The Big Guy’s Back Door Tesla Subsidy
The Big Guy’s Back Door Tesla Subsidy
[EPA finds a convoluted way to expand ethanol subsidies to boost EVs.]
By The Editorial Board of Wall Street Journal
Dec. 29, 2022
Tesla’s stock market value has plunged by some $850 billion this year amid investor worries over Elon Musk’s Twitter takeover and slumping demand for its electric vehicles. But lo, the Biden Administration is coming to Mr. Musk’s aid with a new plan to use the renewable fuel program in a way that subsidizes Teslas and other already subsidized EVs.
Congress’s ethanol mandate offers a case study in the political difficulty of weaning industries off government support—and how regulators can revamp programs to serve new political ends. Politicians of both parties rallied around the renewable fuel standard (RFS) in 2005 as a way to boost U.S. energy independence and reduce CO2 emissions. It has done the opposite.
The RFS requires refiners to blend increasing amounts of biofuels into their products. Refiners keep crashing into the so-called blend wall—the amount of ethanol U.S. vehicles and energy infrastructure can handle. Ethanol blends higher than 10% can corrode engines and gas-station tanks. As vehicles have become more fuel efficient, it has become harder for refiners to comply.
Large refiners have started producing “advanced” biofuels while smaller ones must buy credits known as Renewable Identification Numbers (RINs). Increasing compliance costs have driven several small refiners to shut down. A refining shortage, especially on the East Coast, is a major reason prices for gasoline and diesel shot up early in the summer far more than for crude.

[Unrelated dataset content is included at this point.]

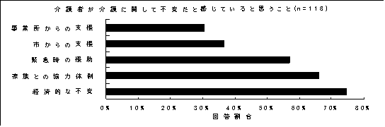 | 民生児童委員が、介護者が介護に対して不安に思っていることについて回答したのが下図である。最も高かったのが「経済的な不安」で全体の75%が不安と回答、次いで、「介護に関して家族と協力体制がとれるかどうか」の66%、「緊急時に援助が受けられるかどうか」が57%、「市から十分な援助が受けられるかどうか」は36%、事業所から十分な援助をうけあれるかどうか」は31%であった。 |

The Biden EPA’s back-door EV subsidy will compound these problems. EPA is proposing to increase the overall RFS to 22.68 billion gallons in 2025 from 20.63 billion this year. The cellulosic ethanol component—which EPA in the past has repeatedly revised down because production has fallen far short of its ethereal mandates—will climb to 2.13 billion gallons from 630 million.

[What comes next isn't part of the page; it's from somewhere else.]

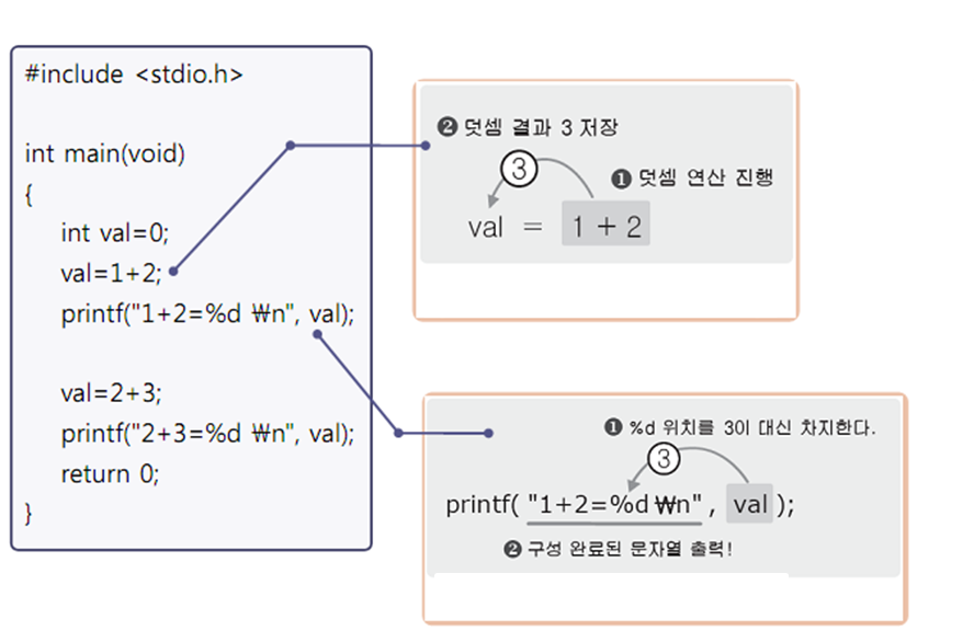 - C언어에서는 main 함수를 실행할 때 행 단위로 위에서 아래로 순서대로 인식한다.

Here’s the kicker: Refiners will be allowed and by necessity required to comply with these mandates by buying “eRINs” credits from EV manufacturers. “While the production of liquid cellulosic biofuel has remained limited in recent years,” EPA says, “the inclusion of eRINs into the program affords another opportunity for dramatic growth of cellulosic biofuel.”

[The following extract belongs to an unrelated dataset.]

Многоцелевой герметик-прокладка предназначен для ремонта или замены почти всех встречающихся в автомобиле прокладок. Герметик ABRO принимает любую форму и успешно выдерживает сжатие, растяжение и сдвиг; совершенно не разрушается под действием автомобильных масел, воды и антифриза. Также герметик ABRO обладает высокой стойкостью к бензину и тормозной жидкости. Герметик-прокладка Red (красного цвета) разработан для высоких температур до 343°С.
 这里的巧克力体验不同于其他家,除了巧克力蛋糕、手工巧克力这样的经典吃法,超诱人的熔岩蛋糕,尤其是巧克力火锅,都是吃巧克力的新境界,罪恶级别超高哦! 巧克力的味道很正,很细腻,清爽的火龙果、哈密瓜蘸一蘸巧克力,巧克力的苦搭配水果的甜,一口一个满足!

Not really. The proposal is one more way to boost EV margins at the likes of Tesla, which lobbied for inclusion in the RFS. As EPA explains, the new eRINs credits will “incentivize activities that can increase electrification of the fleet, which could include lowering the cost of EVs and/or increasing the availably [sic] of public access charging infrastructure.”
The details of the scheme would win a Rube Goldberg award. Electricity isn’t a renewable fuel per se, but EPA says that methane digesters from landfills and dairy farms can generate “biogas” that can generate electricity that can power EVs. EPA, however, concedes there’s no way to distinguish electricity made from cow manure and trash from coal or solar power.
So EPA proposes that auto makers submit data on their EV fleet size, typical drivers’ mileage and battery charging efficiency, among other things, for the agency to plug into an algorithm that spits out eRINs to sell to refiners. Tesla is expected to be the program’s biggest beneficiary because it has the most EVs on the road.
The more EVs that auto makers sell, the more credits they will generate. Meantime, the Administration’s rising fuel economy mandates will make it harder for refiners to comply with the increasing renewable-fuel mandates. That means refiners will have to buy more eRINs and will pass on the costs via higher gas prices.
In sum, the Administration is proposing another huge wealth transfer from folks who drive gas-powered cars to Tesla and other makers of electric vehicles.